[[ Supplied data open ]]
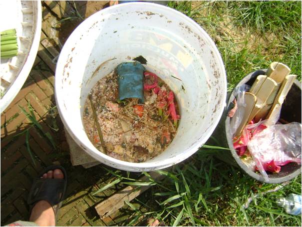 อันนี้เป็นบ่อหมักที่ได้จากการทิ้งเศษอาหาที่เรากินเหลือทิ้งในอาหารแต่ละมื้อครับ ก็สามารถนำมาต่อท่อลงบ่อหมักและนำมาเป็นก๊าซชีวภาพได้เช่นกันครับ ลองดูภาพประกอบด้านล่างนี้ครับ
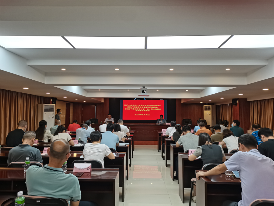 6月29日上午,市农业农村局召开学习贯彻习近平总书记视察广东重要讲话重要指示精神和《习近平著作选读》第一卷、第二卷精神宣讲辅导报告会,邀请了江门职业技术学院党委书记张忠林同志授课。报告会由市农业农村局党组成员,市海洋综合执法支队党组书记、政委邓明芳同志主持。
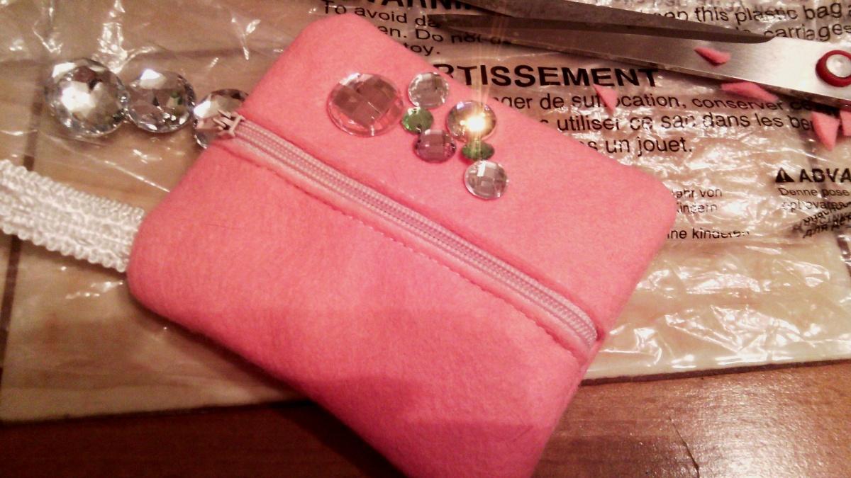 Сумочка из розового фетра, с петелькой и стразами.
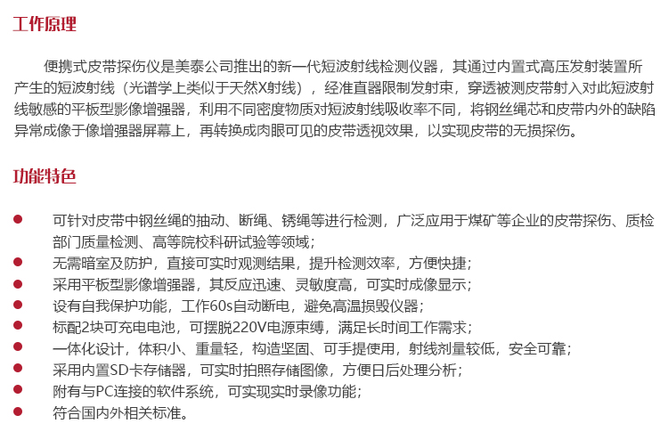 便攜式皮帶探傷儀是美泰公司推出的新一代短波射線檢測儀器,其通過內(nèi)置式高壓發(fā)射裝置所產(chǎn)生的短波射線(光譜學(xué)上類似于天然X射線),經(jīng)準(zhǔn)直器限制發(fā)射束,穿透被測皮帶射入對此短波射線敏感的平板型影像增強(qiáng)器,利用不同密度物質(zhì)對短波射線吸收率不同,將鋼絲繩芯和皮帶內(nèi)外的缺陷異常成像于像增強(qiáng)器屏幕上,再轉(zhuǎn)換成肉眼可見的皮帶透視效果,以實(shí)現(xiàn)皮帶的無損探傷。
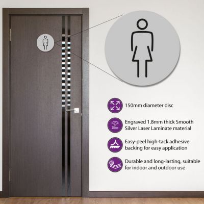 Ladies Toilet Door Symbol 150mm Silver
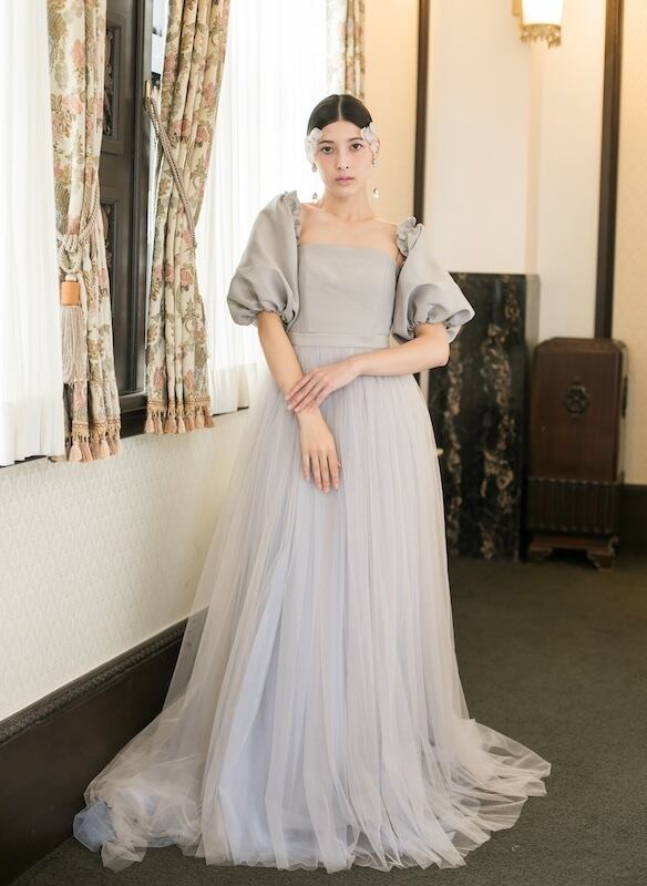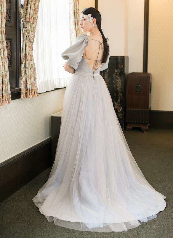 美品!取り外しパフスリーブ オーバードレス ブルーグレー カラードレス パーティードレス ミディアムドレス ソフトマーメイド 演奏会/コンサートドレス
[[ Supplied data closed ]]
[[ Supplied data open ]]
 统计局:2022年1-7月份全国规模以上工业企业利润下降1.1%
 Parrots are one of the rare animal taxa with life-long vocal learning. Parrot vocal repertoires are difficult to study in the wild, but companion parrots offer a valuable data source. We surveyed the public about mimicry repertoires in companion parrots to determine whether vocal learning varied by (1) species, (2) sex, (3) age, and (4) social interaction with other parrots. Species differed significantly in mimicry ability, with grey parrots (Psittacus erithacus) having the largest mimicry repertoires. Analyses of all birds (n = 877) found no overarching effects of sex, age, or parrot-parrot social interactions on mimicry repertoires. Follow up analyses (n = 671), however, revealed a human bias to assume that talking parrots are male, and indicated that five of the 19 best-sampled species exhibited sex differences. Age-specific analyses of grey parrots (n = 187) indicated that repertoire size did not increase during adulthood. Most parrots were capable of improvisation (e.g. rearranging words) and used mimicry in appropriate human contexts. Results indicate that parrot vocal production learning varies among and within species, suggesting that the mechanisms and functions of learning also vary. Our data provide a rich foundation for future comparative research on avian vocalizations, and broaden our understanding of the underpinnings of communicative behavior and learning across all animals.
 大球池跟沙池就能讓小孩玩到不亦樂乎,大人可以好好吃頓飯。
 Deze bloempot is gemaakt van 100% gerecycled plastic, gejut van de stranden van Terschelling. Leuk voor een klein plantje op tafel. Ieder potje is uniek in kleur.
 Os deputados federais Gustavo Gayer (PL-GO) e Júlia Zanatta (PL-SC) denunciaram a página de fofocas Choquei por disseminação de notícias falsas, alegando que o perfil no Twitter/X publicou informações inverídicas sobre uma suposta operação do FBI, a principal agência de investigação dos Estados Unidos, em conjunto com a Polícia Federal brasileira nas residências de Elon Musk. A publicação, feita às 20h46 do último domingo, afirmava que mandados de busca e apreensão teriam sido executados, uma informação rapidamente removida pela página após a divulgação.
[[ Supplied data closed ]]
In the data above, find the line with "Ladies Toilet Door Symbol 150mm Silver" and the line with "美品!取り外しパフスリーブ オーバードレス ブルーグレー". Please copy exactly those two lines and every line between them, but not the pictures.

 Ladies Toilet Door Symbol 150mm Silver
 美品!取り外しパフスリーブ オーバードレス ブルーグレー カラードレス パーティードレス ミディアムドレス ソフトマーメイド 演奏会/コンサートドレス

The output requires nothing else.